Advertisement

SPK geçen hafta yayınladığı tebliğle sektörde çalışanların tabi olacakları esasları yeniden düzenledi. Bundan böyle sermaye piyasasında lisansa tabi işlerde çalışacak olanların mutlaka sınavlardan geçmiş ve ilgili lisansı almış olmaları gerekiyor. Bugüne kadar, kurumlar ve şirketler, lisansa tabi işlerde lisansı olmayan kişileri çalıştırdılar ve halen de çalıştırmaya devam ediyorlar. SPK da yaklaşık 10 yıldır sürekli olarak geçiş süresini uzattı ve zorluk çıkarmamaya çalıştı. Ancak bugüne kadar gösterilen toleransın bittiği anlaşılıyor. Yani artık lisansı olmayan eleman işe alınmayacak.
Bugüne kadar lisans alan kişi sayısı 39 bin. Bunun 23 bine yakını sermaye piyasası ile ilgili alanlarda çalışıyor. 23 bin çalışanın 15 binden fazlası da bankalarda çalışıyor.
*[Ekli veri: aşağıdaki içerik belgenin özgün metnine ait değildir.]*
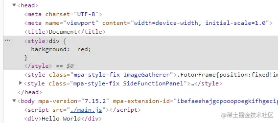 这里新增 module 的配置,使用 style-loader 和 css-loader 来解析导入的 CSS 文件。其中 css-loader 处理的是将导入的 CSS 文件转化为模块供后续 Loader 处理;而 style-loader 则是负责将 CSS 模块的内容在运行时添加到页面的 style 标签中。运行之后可以看到: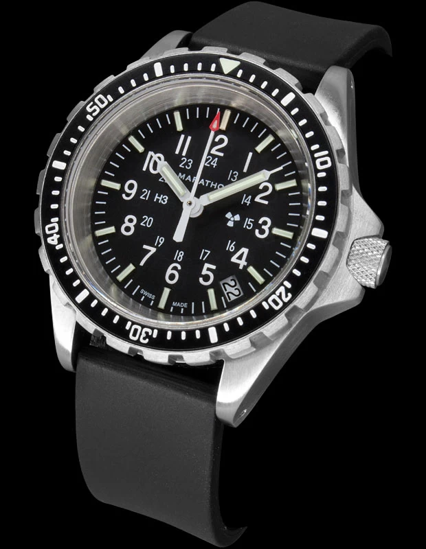 The Marathon Search & Rescue Diver’s Quartz Medium is a dive watch built to ISO 6425 standards. It is a smaller sized version of Marathon’s diver’s watches making it perfect for someone who wants a tough, reliable, and military issue dive watch that is smaller yet just as powerful as its larger brothers.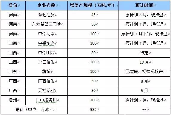 表1 2019年國內氧化鋁增復產(chǎn)統(tǒng)計(數(shù)據(jù)來源:東證期貨)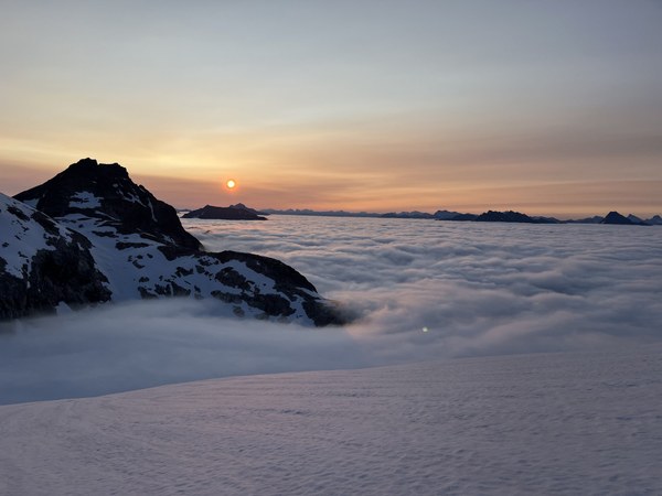 As we progressed further across the Neve, we were greeted with a burning red sunrise over an incredible inversion layer.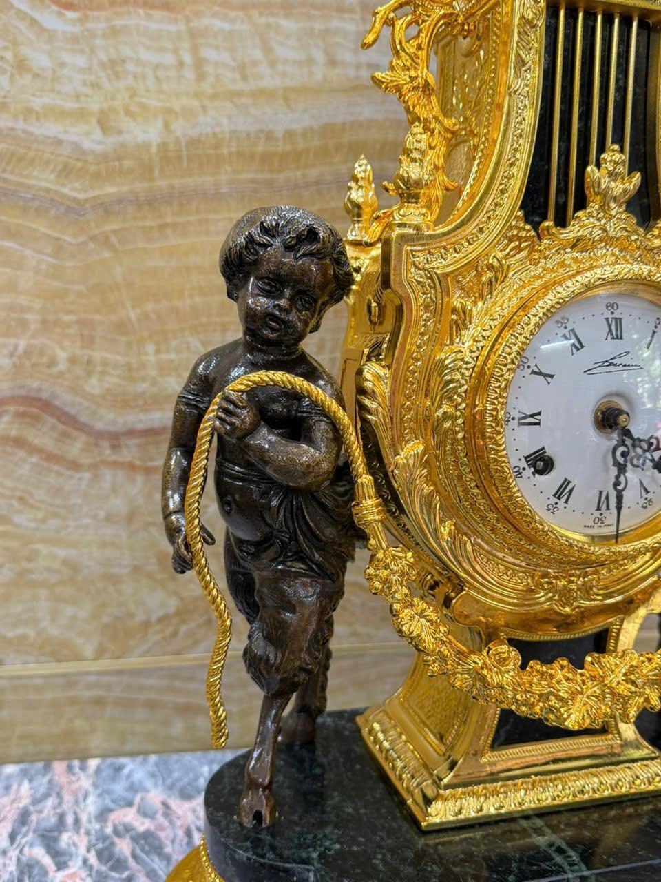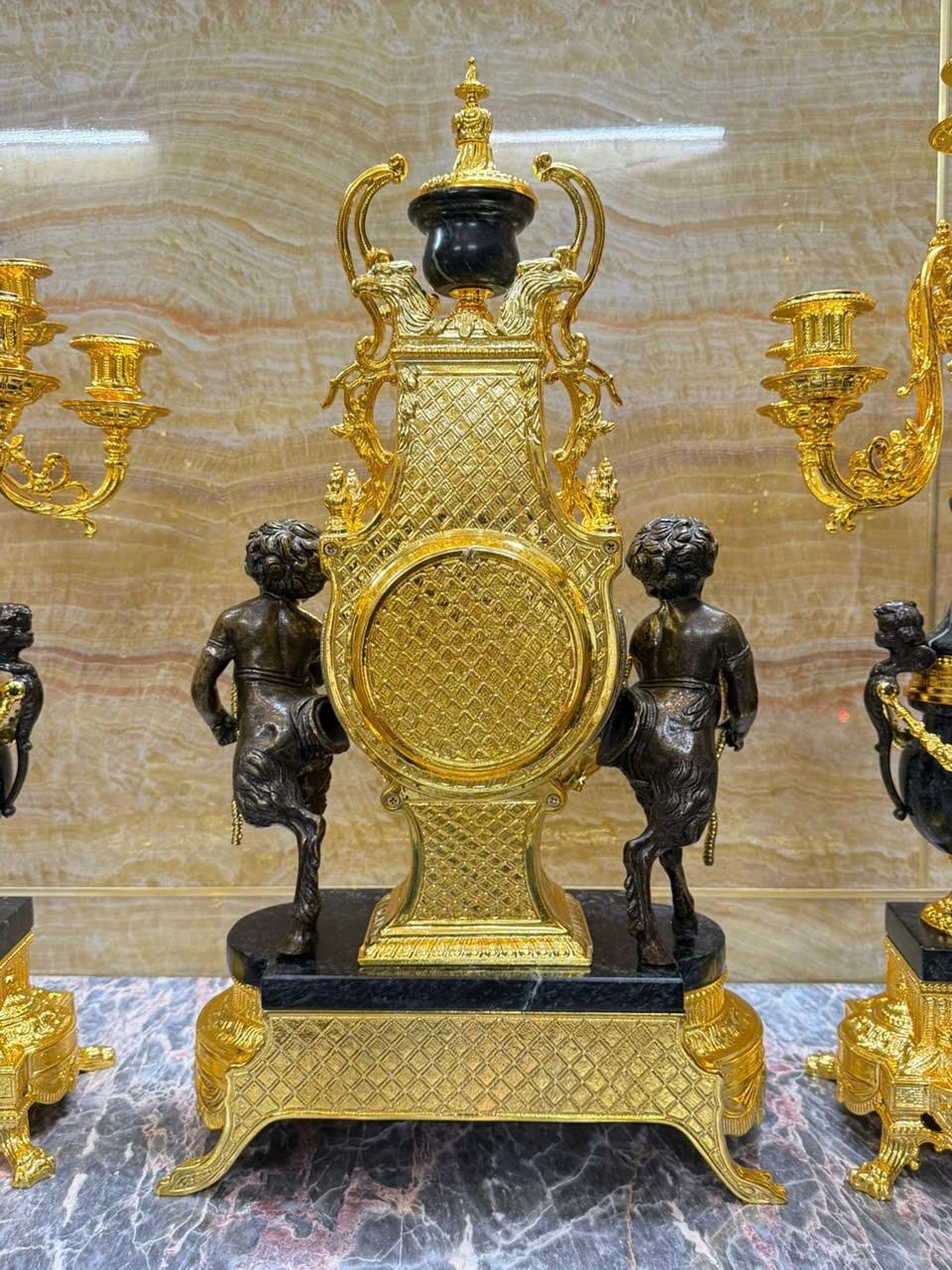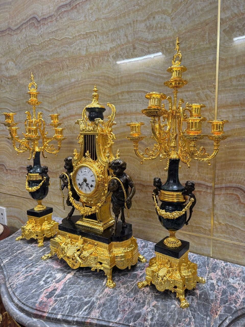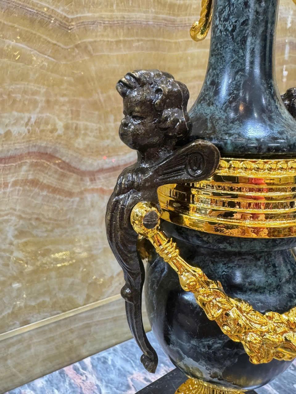•-Bộ Đồng Hồ & Chân Nến Imperial đá Cẩm thạch xanh - made in ITALY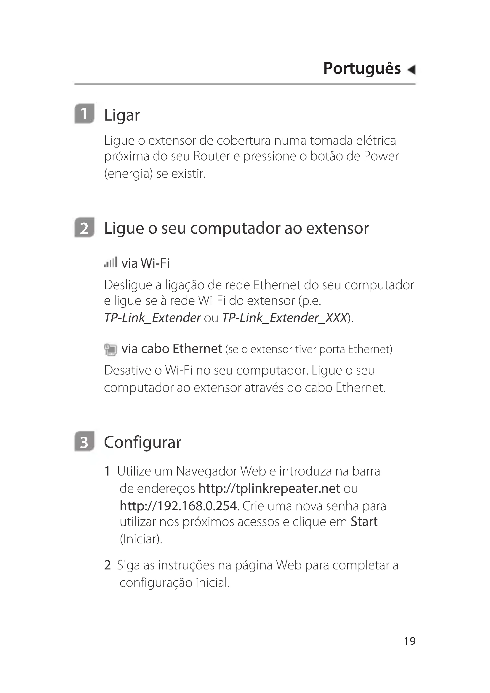 Configurar 1 Utilize um Navegador Web e introduza na barra de endereços http://tplinkrepeater.net ou http://192.168.0.254. Crie uma nova senha para utilizar nos próximos acessos e clique em Start (Iniciar). 2 Siga as instruções na página Web para completar a configuração inicial.Português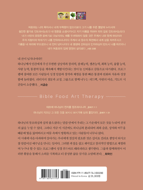 하나님의 형상으로 창조된 인간의 정체성을 지키며 다시 회복하며 예수 그리스도를 통한 끊임없는 새로운 지혜와 지식을 쌓고 생명의 양식을 먹으며 창조적이며 풍성한 삶을 누릴 수 있도록... 그러한 삶을 이루기 위한 또 하나의 훌륭한 창작작업이 바로 성경 푸드아트 테라피라고 자신 있게 말하고 싶다.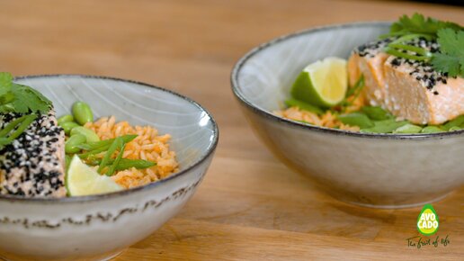 Авокадо боул с лососем на подушке из риса. Видео-рецепт.
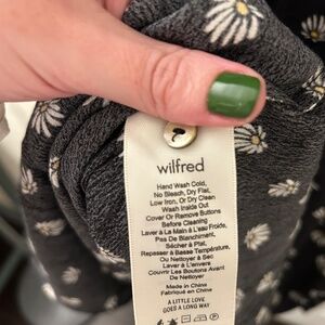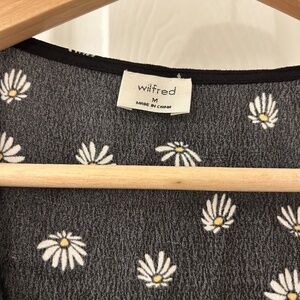 Long sleeve button down dress from Aritzia brand Wilfred. Daisy floral print. Midi length. Unlined.

Kesin sayı olmamakla beraber lisans gerektirdiği halde lisansı olmadan çalışanlar da tahminen 10 bin kişi kadar. SPK'nın yeni tebliğinde, lisansa tabi işlerde lisansı olmadan çalışan bu 10 bin kişi için kesin ve net bir süre öngörülmüş. Eğer bu 10 bin kişi, önümüzdeki 3 sınav döneminde lisans almayı başaramazlarsa görevlerinden alınacaklar. Görevden alınma demek, lisans gerektiren o işi yapmayacaklar ve başka bir göreve kaydırılacak ya da işten atılacaklar. Geçmiş sınav başarıları göz önüne alındığında bu 10 bin kişinin 3 sınavdan başarıyla çıkmaları pek mümkün görünmüyor. Ya da SPK sınav sorularını olabildiğince kolaylaştıracak.
İş değişikliklerinde de lisans aranacağı için halen lisansı olmadan çalışanlar işlerini değiştirmeseler iyi olacak. Ne yapıp edip lisans almak mutlak şart haline geldi. Bu kurallar; ders çalışmış, sınavları başarmış ve lisans almış kişileri koruyucu nitelikte görünüyor. Gerçekten de bugüne kadar lisans almayanlar işlerine devam ettiler ve lisans sahibi olanlara göre haksız bir avantaj sağladılar. Sistem bugüne kadar adeta lisans alanları cezalandırmıştı. Şimdi hakkaniyetin sağlandığı anlaşılıyor. Ancak yine de kurumlara/şirketlere bir avantaj sağlanmış ve lisans sahibi olmayan personelin yardımcı statüsünde istihdam edilebileceği öngörülmüş. Lisanslı birine tabi olmak üzere yardımcılar çalışabilecek. Yardımcılık için bir süre öngörülmemiş ama SPK açıklamalarında bunun makul bir süre olacağı belirtiliyor. Bu durumda bir kurum 10 lisanslı elaman çalıştırmak zorundayken şimdi 1 lisanslı ve 9 lisansı olmayan yardımcı çalıştırabilecek hale gelecek. Kurumlar zaten yardımcı, stajyer adı altında bu durumu eskiden beri devam ettiriyorlardı şimdi tebliğle daha rahatlamış olacaklar. Ancak yardımcılık statüsünün abartılmaması için SPK'nın etkin denetimi gerekecek.
Lisans almak için sınavlara girenlerin eski sınav notları geçerli olarak kabul ediliyordu. Neredeyse 10 yıl önceki sınav notları dahi geçerli oluyordu. Şimdi bu yanlışlıktan vazgeçilmiş. Artık girilen sınavlardan alınan notlar ancak 3 yıl için geçerli olacak. Böylece sınava girenlerin sürekli çalışmaları da sağlanabilecek. Şüphesiz bu kuralların ne kadar yeterli olacağını zaman içinde göreceğiz.
Ancak tüm bu iyileştirmelere rağmen sermaye piyasası alanlarında çalışanların yeterli ve etkin bir eğitime sahip olmaları yine de pek mümkün görünmüyor. Ülkemizde kurumların/şirketlerin hizmet içi eğitimlere ağırlık vermedikleri, insana yatırım yapmaya hevesli olmadıkları, çalışanlarının gelişimine pek fazla katkı sağlamadıkları biliniyor. Sonuçta çalışanların eğitimi, sınava tabi tutulması, lisansa bağlanması hep devletin üstünde kalıyor. Ne yazık ki, bu çarpık yapı halen devam ediyor. Sektör, meslek örgütleri vasıtasıyla bu işi üstlenmeye hazır olduğunu gösterene kadar bu çarpık yapı devam edecek ve devlet de bunu devretmeyecek gibi görünüyor.